- YOUR ASSIGNMENT
Exactly and only the lines below from the one containing "Воронки и стадии." down to the one containing "Tarım ve Orman" are wanted, both included; please exclude every picture.

- TASK MATERIAL
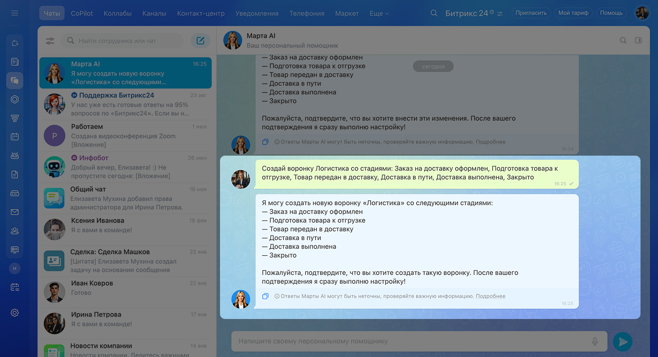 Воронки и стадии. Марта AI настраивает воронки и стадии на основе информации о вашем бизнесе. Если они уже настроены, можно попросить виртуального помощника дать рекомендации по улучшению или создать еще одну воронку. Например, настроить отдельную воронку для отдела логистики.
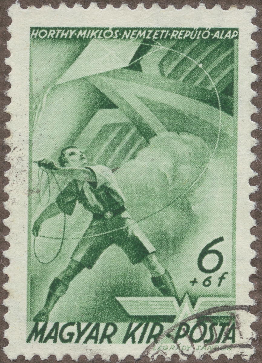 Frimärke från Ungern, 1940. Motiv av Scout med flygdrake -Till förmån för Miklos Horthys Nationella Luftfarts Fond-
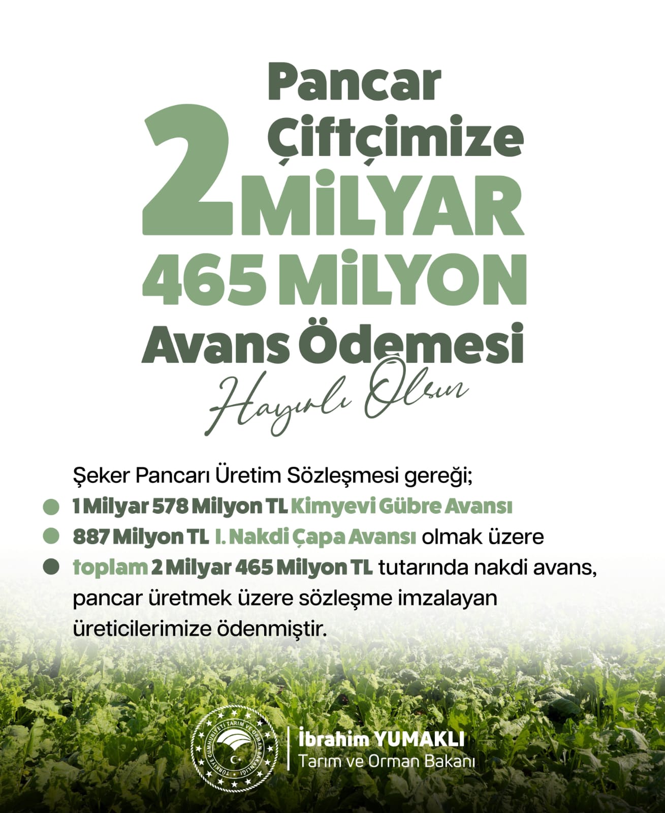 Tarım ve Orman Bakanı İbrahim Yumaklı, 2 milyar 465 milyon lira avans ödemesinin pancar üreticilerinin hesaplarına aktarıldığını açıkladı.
---
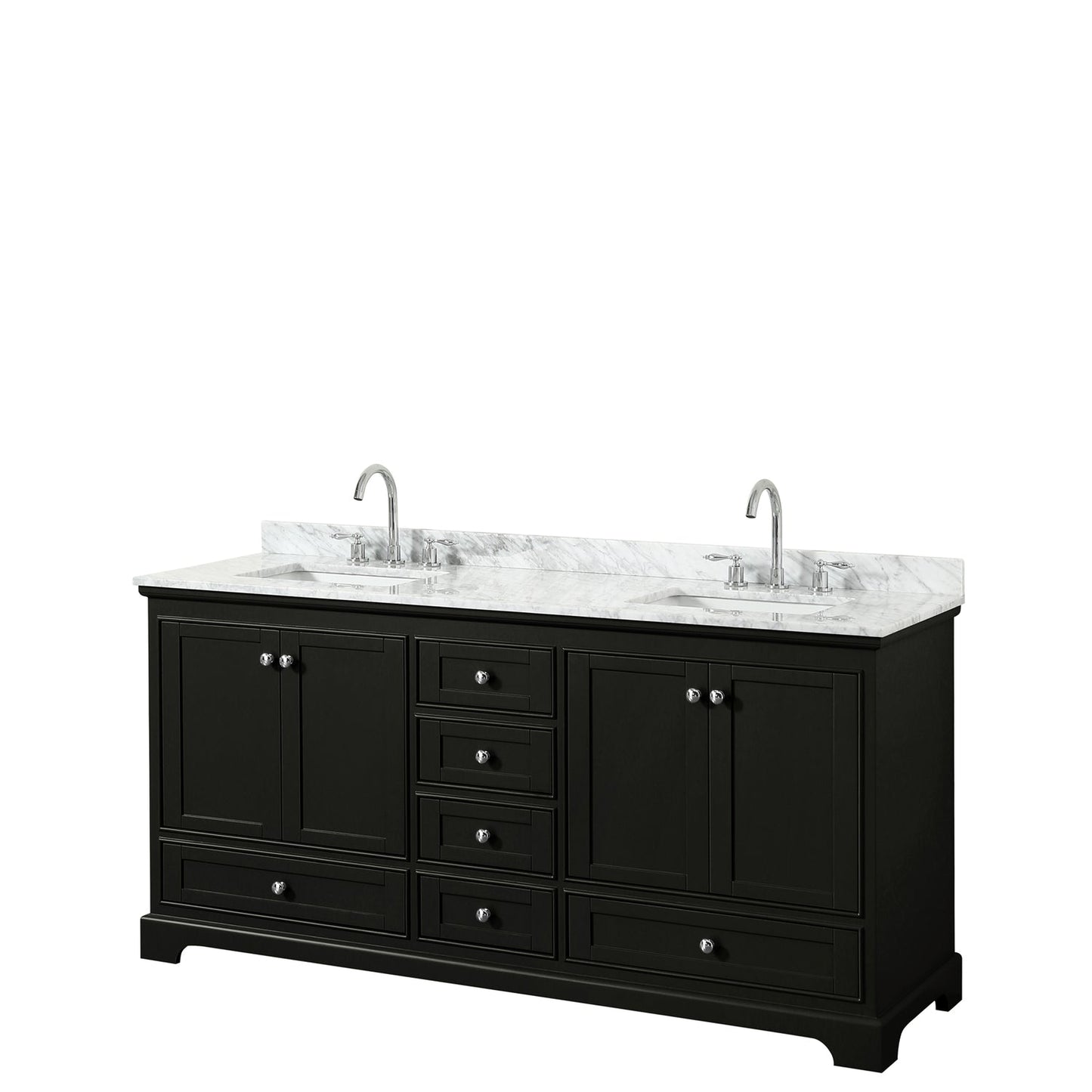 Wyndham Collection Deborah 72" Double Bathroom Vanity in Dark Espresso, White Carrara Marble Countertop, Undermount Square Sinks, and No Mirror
==
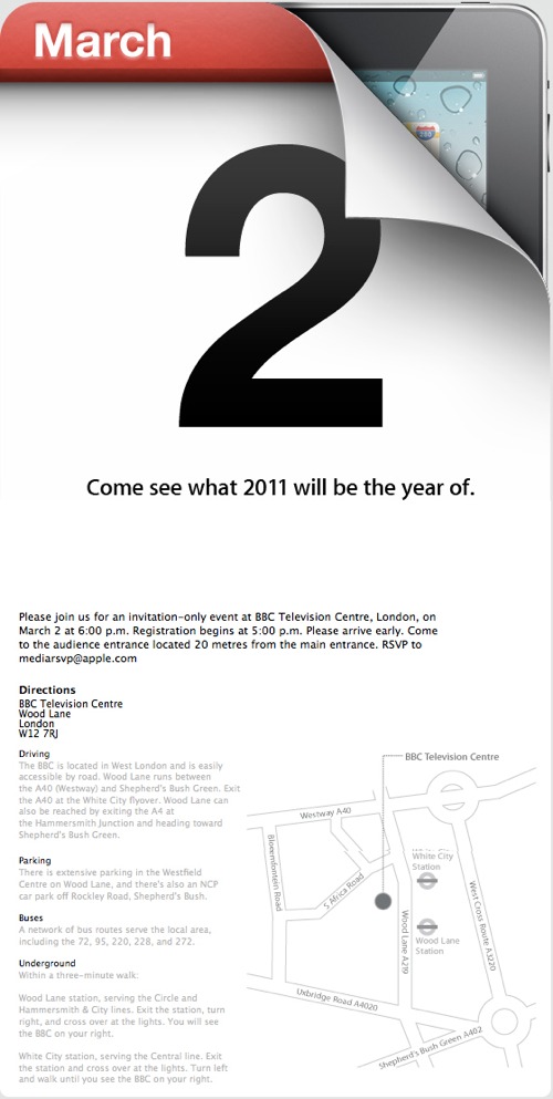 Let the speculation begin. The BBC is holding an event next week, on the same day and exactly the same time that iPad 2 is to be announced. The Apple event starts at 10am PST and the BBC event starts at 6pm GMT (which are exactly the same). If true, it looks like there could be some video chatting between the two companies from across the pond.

- RESPONSE
 Воронки и стадии. Марта AI настраивает воронки и стадии на основе информации о вашем бизнесе. Если они уже настроены, можно попросить виртуального помощника дать рекомендации по улучшению или создать еще одну воронку. Например, настроить отдельную воронку для отдела логистики.
 Frimärke från Ungern, 1940. Motiv av Scout med flygdrake -Till förmån för Miklos Horthys Nationella Luftfarts Fond-
 Tarım ve Orman Bakanı İbrahim Yumaklı, 2 milyar 465 milyon lira avans ödemesinin pancar üreticilerinin hesaplarına aktarıldığını açıkladı.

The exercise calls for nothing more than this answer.